Tell us about your work in Afghanistan and how engineering better fuel sources helped rescue some 20 children from a prostitution ring.

I went to Afghanistan seven times from 2003 to 2010.… As I traveled there, I also visited Kabul University and Kabul Polytechnic University, and I remember walking into the university and literally the building was ready to collapse. There were bullet holes everywhere, shell holes everywhere, no heat pretty much, a cold place, and yet there is one picture I’ve never forgotten: in a room, super cold, no electricity, there were maybe 10 students covered with robes, cold, listening to a professor teaching a class. They did not have a blackboard, so they had stretched a plastic sheet on the wall, and he was working on it. And I thought, Whoa, these people are really dedicated despite the war. I remember going to the library at Kabul University and it was completely empty. The books that were left on the shelves all had bullet holes through the middle of them. The Taliban had essentially been shooting each book purposely to destroy any Western ideas. There were big bullet holes through the middle.

In the meantime, I became aware of this technology from a colleague in Nepal on how to use waste and create what we call fuel briquettes.

When you say waste, waste from what?

It could be organic waste — paper, sawdust, rice husks, the shells of peanuts. And there was plenty of it! Just lying in the streets. The wood they were getting at the time was coming from Pakistan, so it was really expensive. And I said, “Wow. Since those people don’t have wood to stay warm, why don’t we create a small enterprise?” In collaboration with an NGO called Afghans for Tomorrow, we found 20 young men in Afghanistan, young boys essentially, who were prostitutes, and took them off the streets of Kabul and trained them to make those briquettes. They would go to a site, a place where they would be safe and have fresh clothes and a meal at lunch. I don’t think they could sleep overnight there, but the idea was to give them an alternative and to be able to sell those briquettes to people who needed a substitute for wood.
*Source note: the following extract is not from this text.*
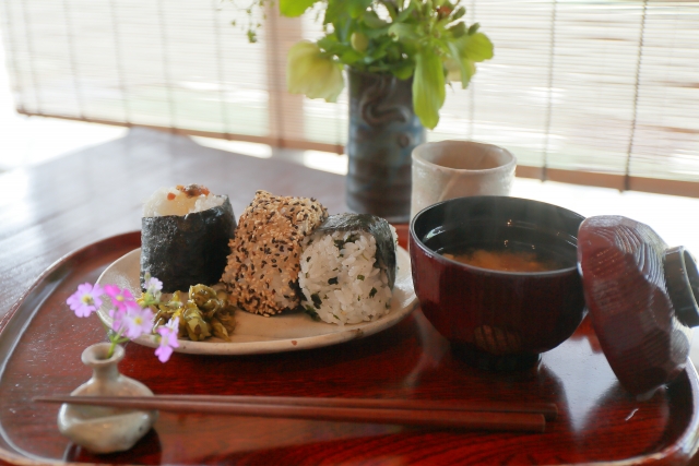 - Onigiri (boulettes de riz dans une feuille d'algue "nori") en plusieurs saveurs typiques

And it really broke my heart when I saw those children.

One thing led to another, the briquettes became quite famous, and a group of women in Bamyan, Afghanistan — the place where they have the giant Buddhas — wanted to learn how to make those briquettes. In one summer, they made half a million there — 500,000 briquettes that they were selling to different people in that neighborhood.

So the idea was developing a technology where kids could make briquettes without hurting themselves and the briquettes would be used such that they could be sold on the market in the streets of Kabul as a replacement for wood. So that was really a success story. Afghans for Tomorrow also used the profits of briquette making to create a school for 200 girls in Kabul.

What is your dangerous idea? What’s a belief that you hold that may be controversial, or counterintuitive, or like our friend Galileo, maybe just a bit ahead of its time?

Well, that’s an interesting one. I am a big disrupter. I love to disrupt. Being French, that works very well. A few weeks ago, I fell off my bike and hurt myself bad. Where did I go? Emergency room. What happened in the emergency room? They did a bunch of tests, really expensive ones, to make sure I did not have internal bleeding, blah, blah, blah. Half an hour later, they knew what was going on. OK, so that’s called “ER” type of medicine.

Now imagine the same kind of thing from an engineering point of view. Five hundred thousand people cross the border after an earthquake. They all need water, they all need energy, they all need food, they all need to stay warm, they need security, they are going to poop everywhere. How do I dispose of the waste? What kind of engineering, what kind of triage do I need to do? Who takes care of that today? There’s not a single program around the world that trains engineers to do work in emergency situations. Look, for instance, at the conditions in refugee camps today.

Now imagine a program at the graduate level, a master’s degree in “ER Engineering,” for lack of a better word, and I can tell you, there is plenty of funding and the demand is there. I mean, look at refugee issues around the world, whether it’s climate-related or not, warrelated or disaster-related.